▼▼▼
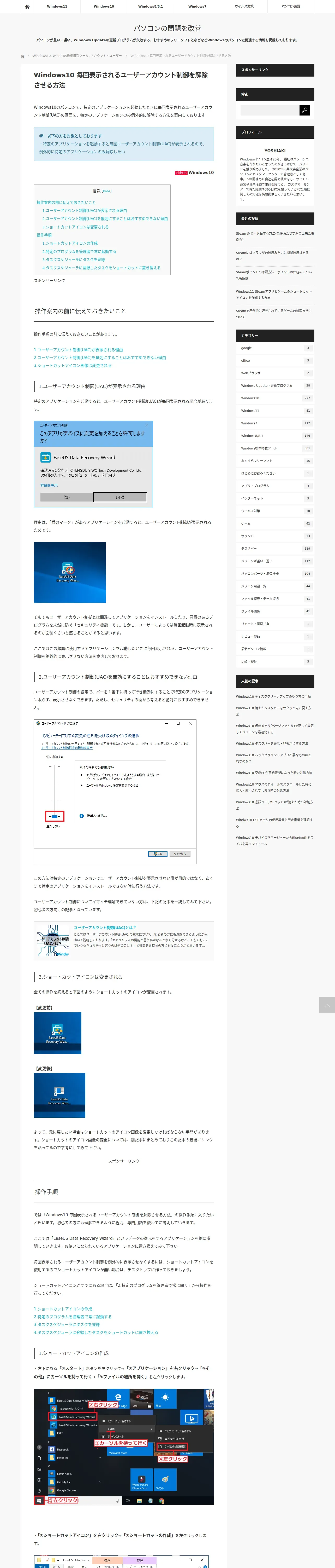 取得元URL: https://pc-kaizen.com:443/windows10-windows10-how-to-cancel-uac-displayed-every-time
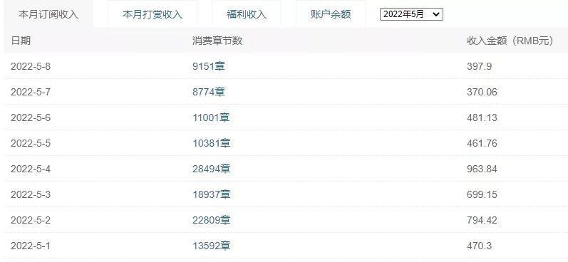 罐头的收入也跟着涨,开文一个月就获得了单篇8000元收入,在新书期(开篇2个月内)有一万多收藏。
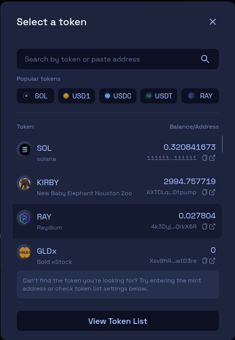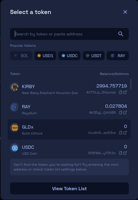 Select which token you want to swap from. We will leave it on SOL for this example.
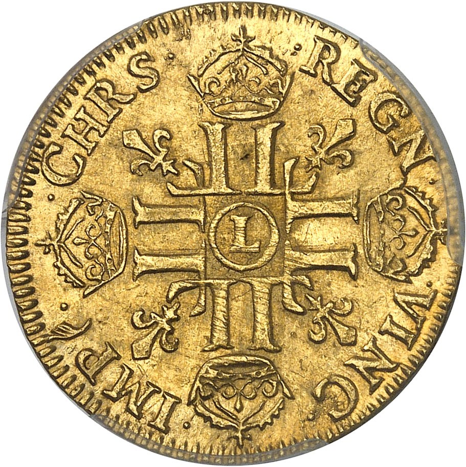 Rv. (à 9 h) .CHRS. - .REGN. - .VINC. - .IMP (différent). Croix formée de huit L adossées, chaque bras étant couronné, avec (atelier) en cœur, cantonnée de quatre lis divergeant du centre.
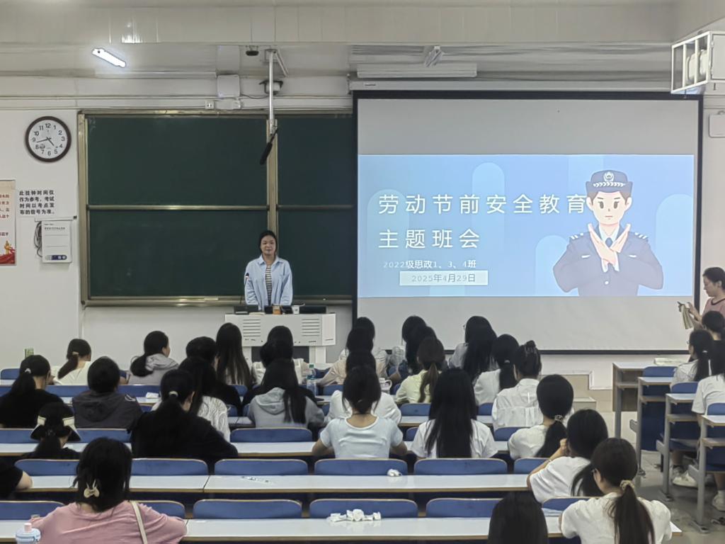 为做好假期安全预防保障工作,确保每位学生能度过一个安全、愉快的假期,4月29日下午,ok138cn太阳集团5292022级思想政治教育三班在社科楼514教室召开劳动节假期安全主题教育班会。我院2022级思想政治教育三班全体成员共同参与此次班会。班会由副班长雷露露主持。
▲▲▲
▼▼▼
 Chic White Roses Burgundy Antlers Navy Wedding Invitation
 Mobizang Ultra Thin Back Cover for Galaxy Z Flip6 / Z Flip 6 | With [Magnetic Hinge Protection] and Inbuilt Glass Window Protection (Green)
▲▲▲
▼▼▼
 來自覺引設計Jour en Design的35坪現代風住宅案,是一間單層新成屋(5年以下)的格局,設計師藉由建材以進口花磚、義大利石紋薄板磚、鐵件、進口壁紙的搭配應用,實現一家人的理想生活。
▲▲▲
Leave the pictures out, and transcribe exactly the lines above starting at the one that contains "取得元URL: https://pc-k" and ending at the one that contains "Select which token".

 取得元URL: https://pc-kaizen.com:443/windows10-windows10-how-to-cancel-uac-displayed-every-time
 罐头的收入也跟着涨,开文一个月就获得了单篇8000元收入,在新书期(开篇2个月内)有一万多收藏。
 Select which token you want to swap from. We will leave it on SOL for this example.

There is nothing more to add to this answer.